Mansa of Mali
- Reign: early 17th century
- Born: c. 1550
- Nyamaghan Keita
- Dynasty: Keita
- Father: Niani Mansa Mamadou
- Religion: Islam

= Mama Maghan =

Post-imperial ruler of Mali

Mama Maghan, also known as Nyamaghan, was a self-proclaimed Mansa of the Mali Empire in the early 17th century.

==Reign==
The eldest son of Niani Mansa Mamadou, Nyamaghan was appointed ruler of the city of Kita under his father in order to defend the western part of the crumbling Mali Empire.

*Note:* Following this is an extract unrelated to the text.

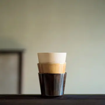 ウレタン塗装仕上げと、生漆をすり込んだタイプがそろう、ちょこカップ。(上から)ナチュラル¥2,260、琥珀塗¥2,640、黒琥珀塗¥2,870(税込)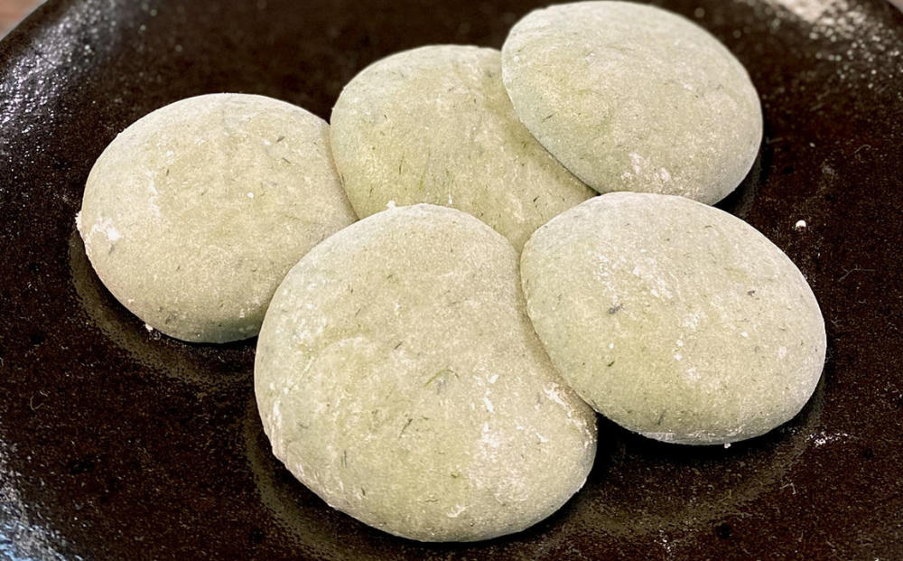 春、摘んできた柔らかなよもぎを昔ながらの知恵で囲炉裏の灰を使ってアクをとっております。

After his father's death in the early 1600s, the empire split between Nyamaghan and his brothers Mansa Kuru and Mansa Kanda. He marched south to restore imperial control over the Niger River valley, in chaos since Niani Mansa Mamadou's defeat outside Djenne in 1599. There he founded the kafu of Juma. He and his immediate descendants pushed the Fula and Bambara back from the river to Wassoulou, where they formed the Wassoulounke people.

==Historiography==
Colonial-era historian Maurice Delafosse incorrectly reported that Mama Maghan besieged Segou in 1670, but this was a confusion on his part with a siege in the 1720s by Famagan Ouattara, ruler of the Kong Empire.

==See also==
- Mali Empire
- Keita Dynasty

===Sources===
- Person, Yves (1981). "Le sol, la parole et l'écrit: Mélanges en hommage à Raymond Mauny, Tome II"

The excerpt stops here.